*** Opening Supplied information ***

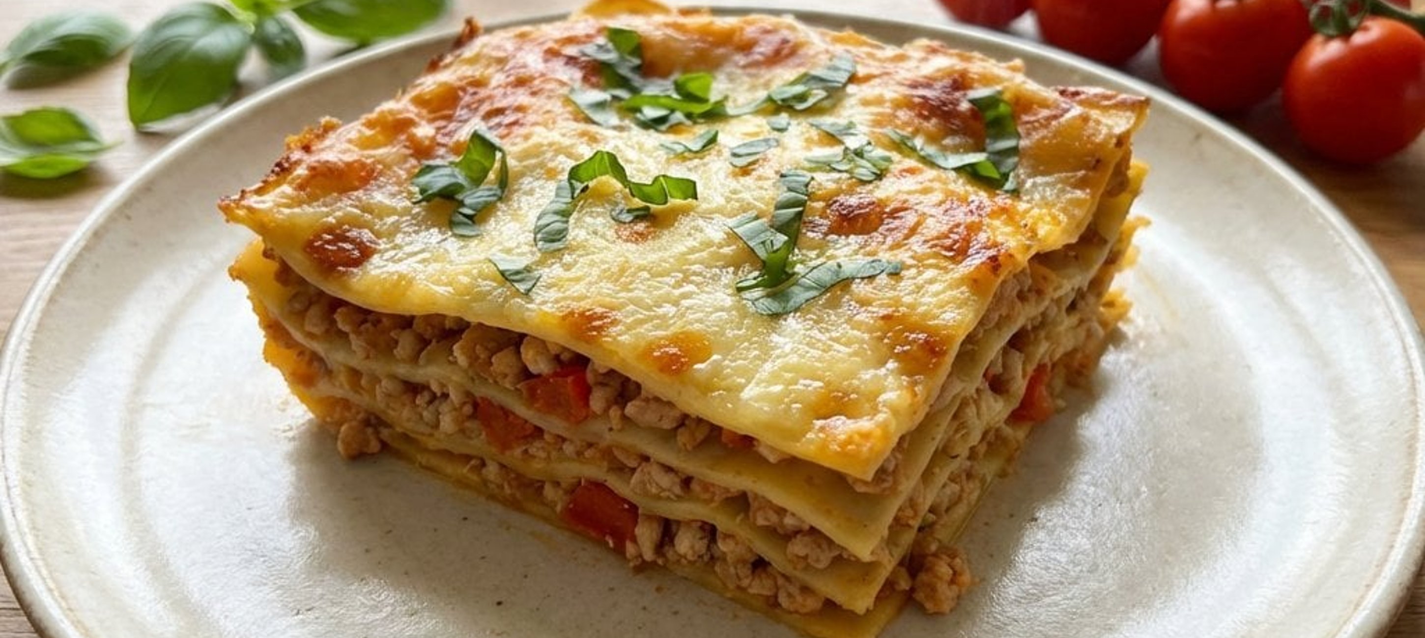 - 4Die Form mit Alufolie abdecken und im vorgeheizten Ofen bei 180–185 °C für etwa 50–60 Minuten backen. Danach die Folie entfernen, die Temperatur auf 200–210 °C erhöhen und die Lasagne für weitere 10 Minuten goldbraun fertig backen.
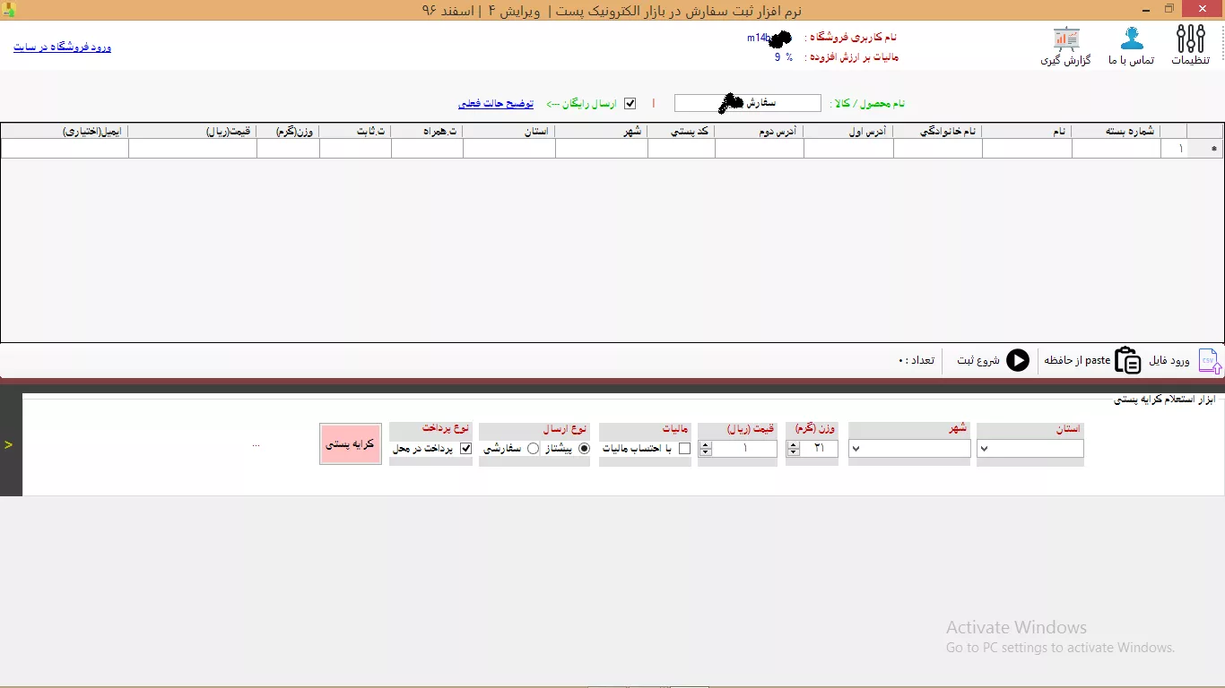 نرم افزار ثبت سفارش در سایت بازار الکترونیکی پست
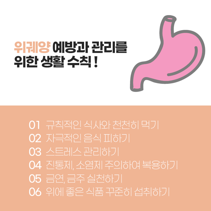 셋째, 약물 복용에 있어서도 주의가 필요합니다. 진통제나 소염제를 장기간 복용해야 하는 경우에는 반드시 위 보호제와 함께 복용하거나, 의사와 상담하여 위장에 부담이 적은 대체약으로 조절하는 것이 필요합니다. 또한 흡연과 음주는 반드시 줄이거나 중단해야 하며, 위장 건강에 해로운 습관은 가능한 한 제거해야 위궤양 재발을 줄일 수 있습니다.
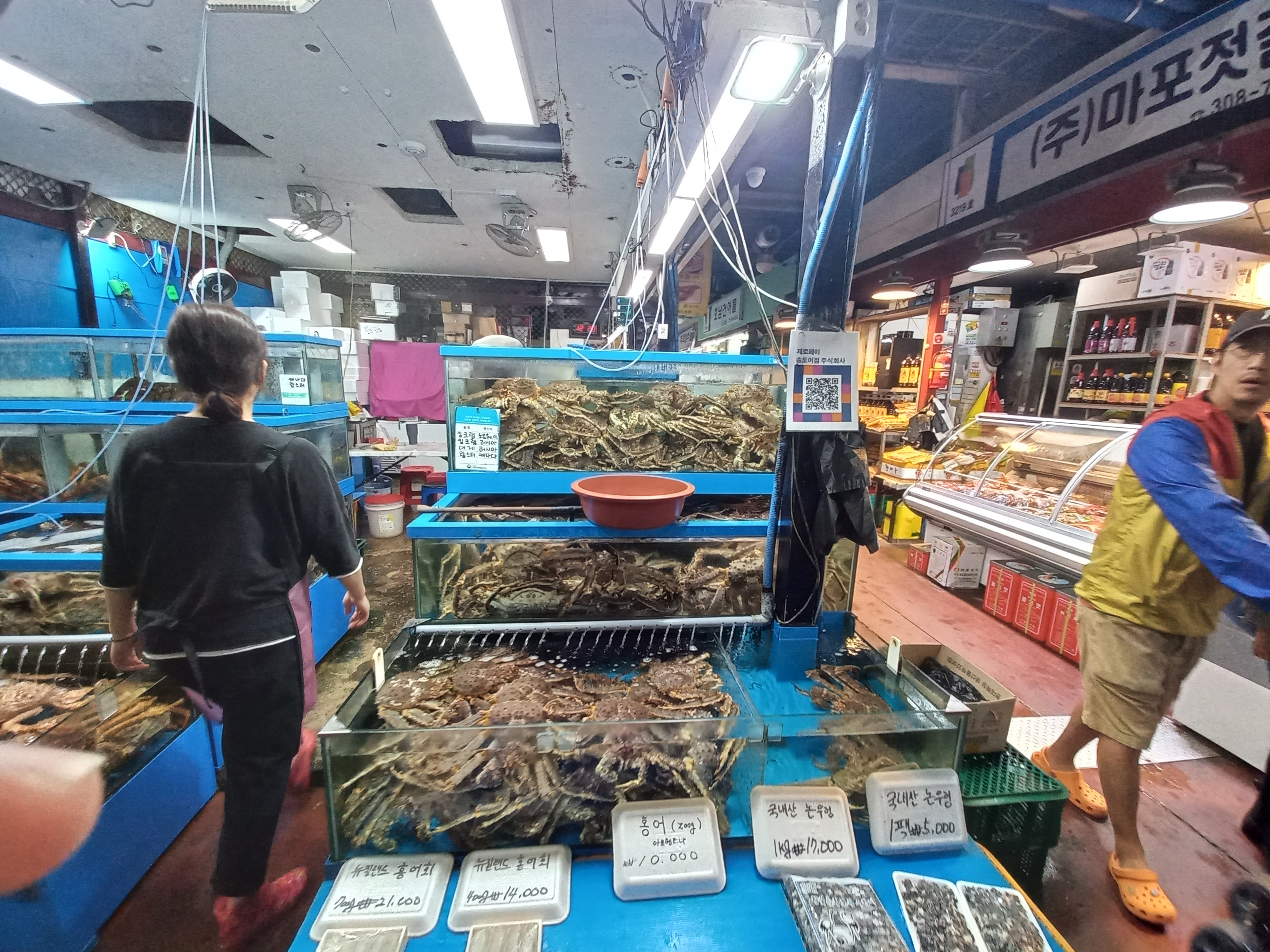 킹크랩을 합리적인 가격에 판매하는 곳은 시장 입구와 가까워 접근성이 좋아요. 구매한 킹크랩을 바로 삶아주기 때문에 시장에서 가장 먼저 방문하여 주문해놓고 장을 보고 오는 것도 괜찮습니다. 삶은 킹크랩은 포장해가거나 양념집에서 곧바로 먹을 수 있고요. 수산 매장 2층에 넓게 자리 잡고 있는 양념집 ‘마포회관’은 상차림비만 내면 수산 매장에서 구매한 수산물을 손질해주고 매운탕도 제공해줍니다.
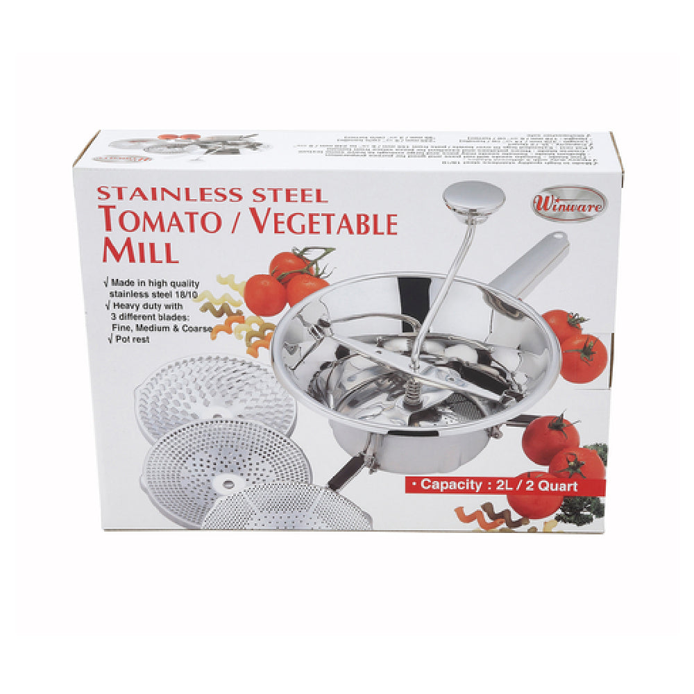 The Winco SVM-9 Food Mill 2 Qt. Medium is a versatile kitchen tool designed with precision and efficiency in mind, featuring a 9-inch diameter that makes it suitable for a range of culinary applications. This round food mill is equipped with three interchangeable cutting plates, allowing for medium processing of foods with variable textures and consistencies. Constructed from durable stainless steel, the Winco SVM-9 is built to withstand the demands of professional kitchens while ensuring longevity and resistance to corrosion. With a 2-quart capacity, it provides ample volume for processing medium-sized batches of food, making it an ideal choice for both small-scale operations and larger establishments seeking quality and reliability. The stainless steel material not only contributes to its robustness but also simplifies the cleaning process, promoting hygiene in food preparation. The interchangeable cutting plates enhance its functionality, offering varied textures for different culinary needs, from purées to sauces. This food mill is a valuable addition to any kitchen, providing efficiency and adaptability, meeting the diverse processing requirements of chefs and food service professionals across the industry.
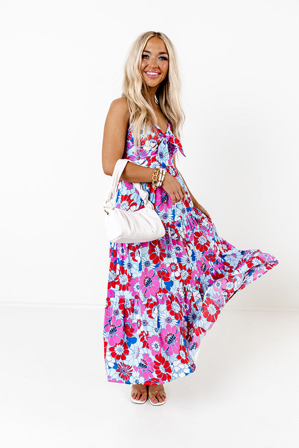 You will look so pretty and pleasant in this beautiful midi dress featuring lightweight material patterned with a red, light blue, pink, and royal blue floral print, a v-cut neckline with a front tie detail, adjustable spaghetti straps, and a relaxed silhouette that falls into a straight mid-calf length hemline! on products
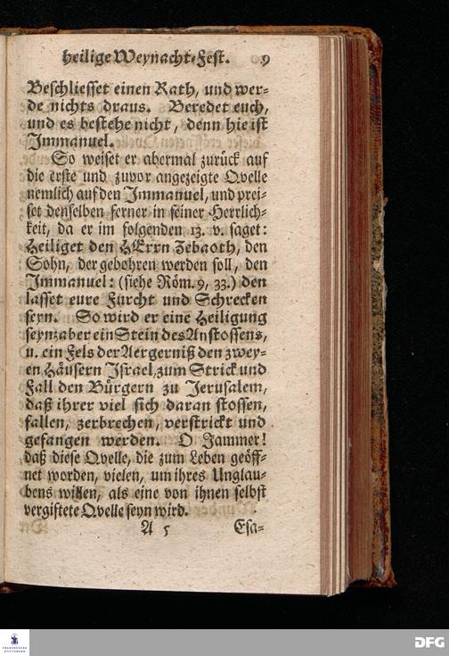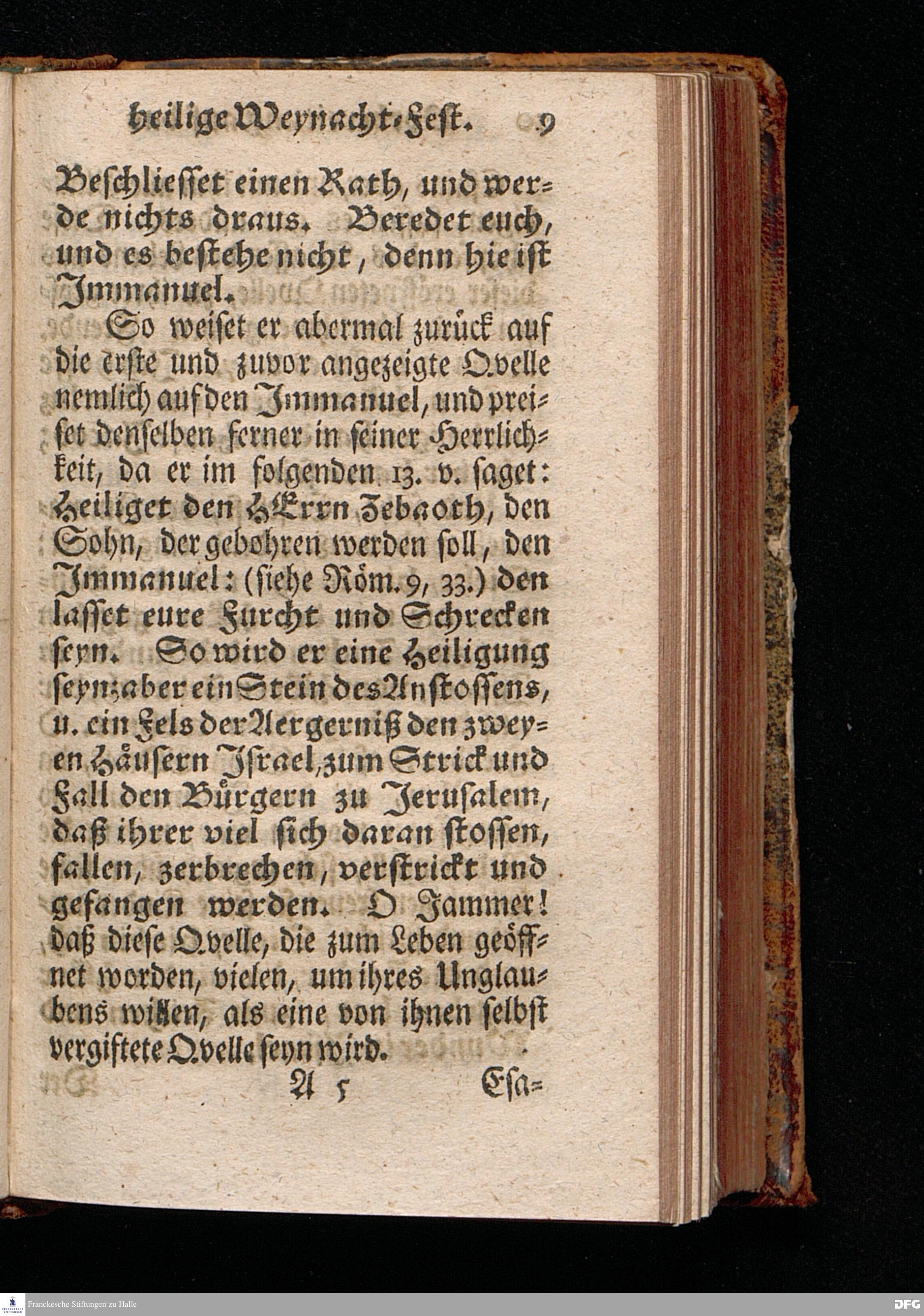 Vorbereitung auf das Weyhnacht=Fest / aus den Worten Jes.IX, 6.7. [Bibeltext;] den 23.Decembr.1720. in volckreicher Versammlung auf dem Wäysen=Hause zu Glaucha an Halle ertheilet von August Hermann Francken / S.Th.Prof.Past.Vlr.& Schol. Andere Auflage. HALLE, zu finden im Wäysen=Hause 1730.
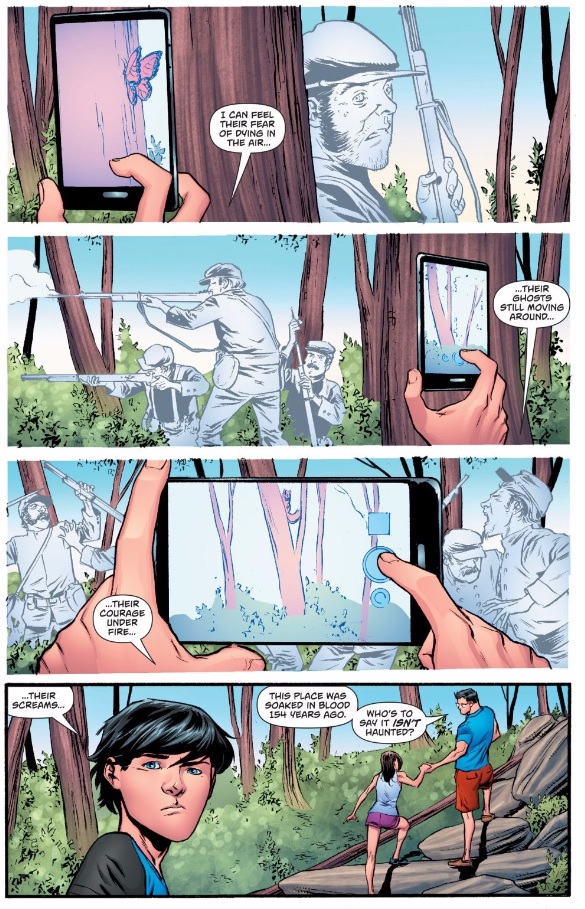 Actually, I love the contrast Godlewski, Tomasi, and Gleason create here. Jon is a modern kid viewing Gettysburg through the modern lens of his smartphone camera, which is a far cry from the fates of the young men we see playing out in flashback all around Jon. Jon gets to enjoy such a privileged existence precisely because of the sacrifices those young men made (and thankfully, Jon is a Kent through and through and clearly understands the gravity of this), but I get the sense that they’d be okay with that; that’s exactly why they were fighting, after all.
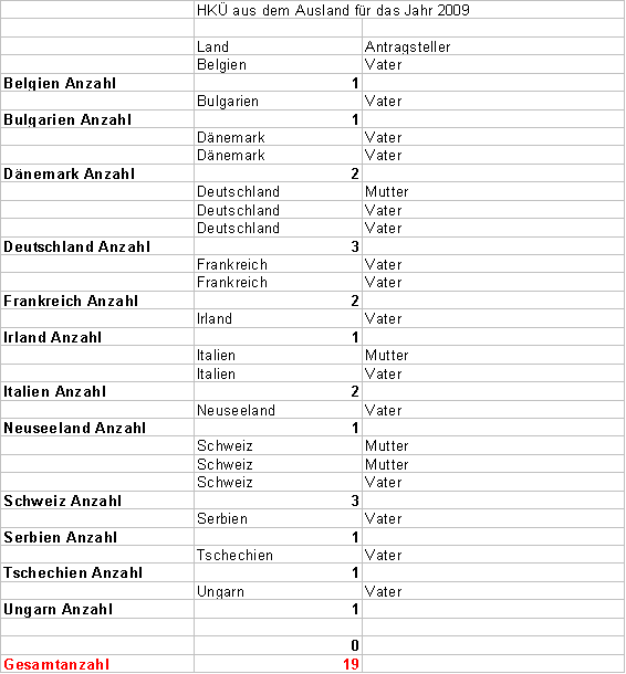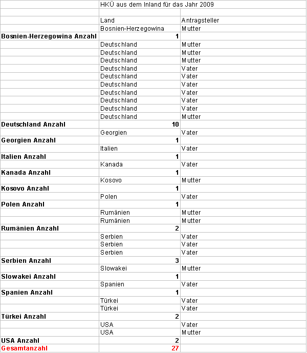 Diese Anfalls-Statistik aller Anträge nach dem HKÜ für das Jahr 2009 (betreffend sowohl die unter Brüssel IIa-VO fallenden EU-MS als auch die ausschließlich nach HKÜ zu beurteilenden Drittstaaten) wurde getrennt nach Anträgen in Österreich wohnhafter Antragsteller in das Ausland (27) und im Ausland wohnhafter Antragsteller nach Österreich (19) erstellt.
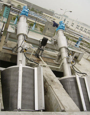 旋轉清污網(wǎng)筒在水中以35°傾角做每分鐘5~8r/min的圓周運動,網(wǎng)筒的1/3浸沒在水中。污水及漂浮物從網(wǎng)筒下口進入網(wǎng)筒內部,漂浮物附著于網(wǎng)筒內壁從水中帶出,當網(wǎng)筒轉到高點,雜質由于重力作用掉入垃圾輸送系統(tǒng),經(jīng)輸送壓榨至出料口。被過濾的污水經(jīng)過網(wǎng)筒間隙流走。
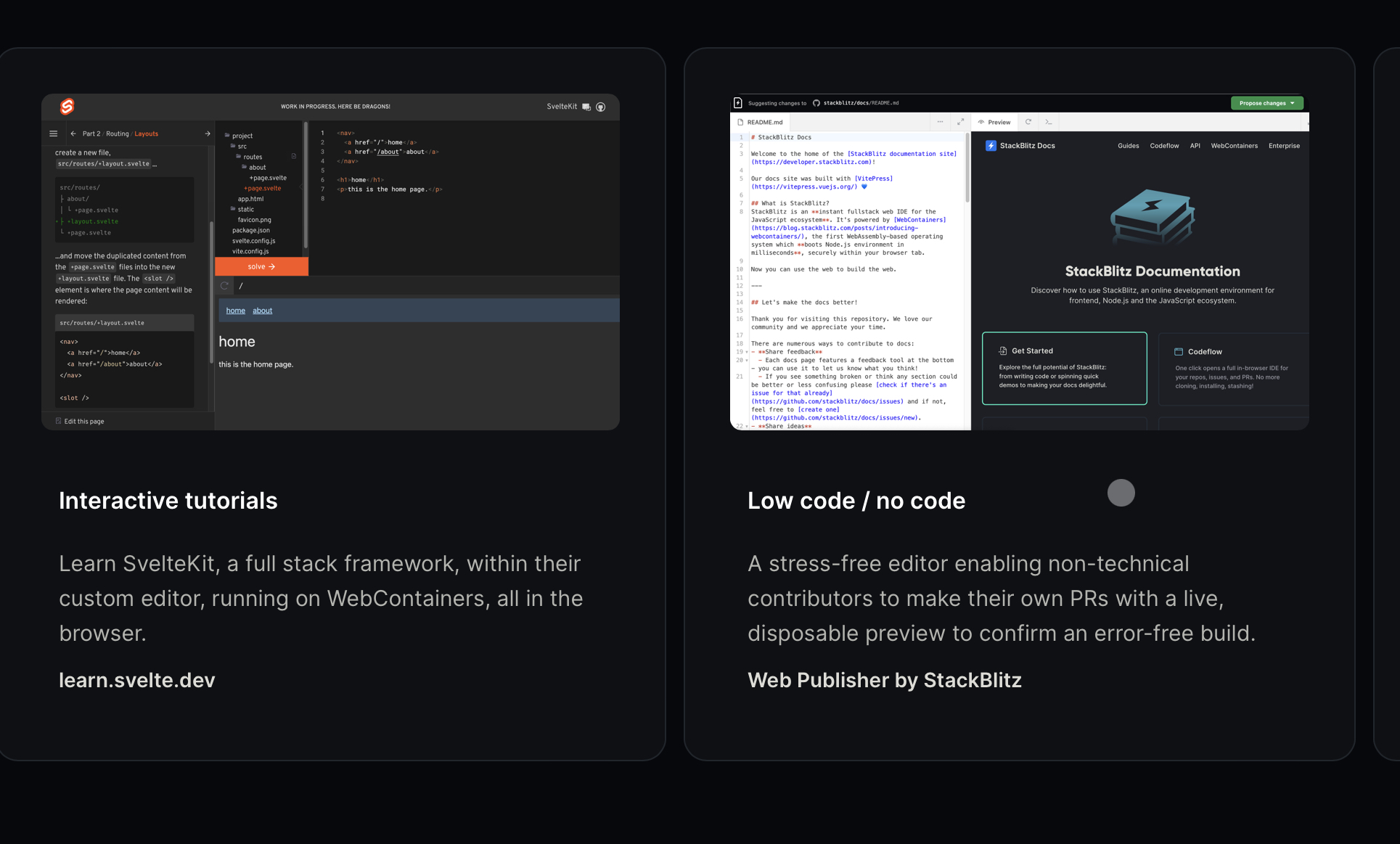 Battle-tested (Sveltekit tutorial uses Webcontainers), this opens up opportunities to make highly interactive web tutorials using the API. Other use cases given on their site include AI applications to run OpenAI directly on the browser as well as No code platforms.

*** Closing Supplied information ***

• _What you will do_
Only one part of the material above is wanted: the lines from the one with "You will look" up to and including the one with "Vorbereitung auf das". Please copy them exactly, pictures left out.

• _Written response_
 You will look so pretty and pleasant in this beautiful midi dress featuring lightweight material patterned with a red, light blue, pink, and royal blue floral print, a v-cut neckline with a front tie detail, adjustable spaghetti straps, and a relaxed silhouette that falls into a straight mid-calf length hemline! on products
 Vorbereitung auf das Weyhnacht=Fest / aus den Worten Jes.IX, 6.7. [Bibeltext;] den 23.Decembr.1720. in volckreicher Versammlung auf dem Wäysen=Hause zu Glaucha an Halle ertheilet von August Hermann Francken / S.Th.Prof.Past.Vlr.& Schol. Andere Auflage. HALLE, zu finden im Wäysen=Hause 1730.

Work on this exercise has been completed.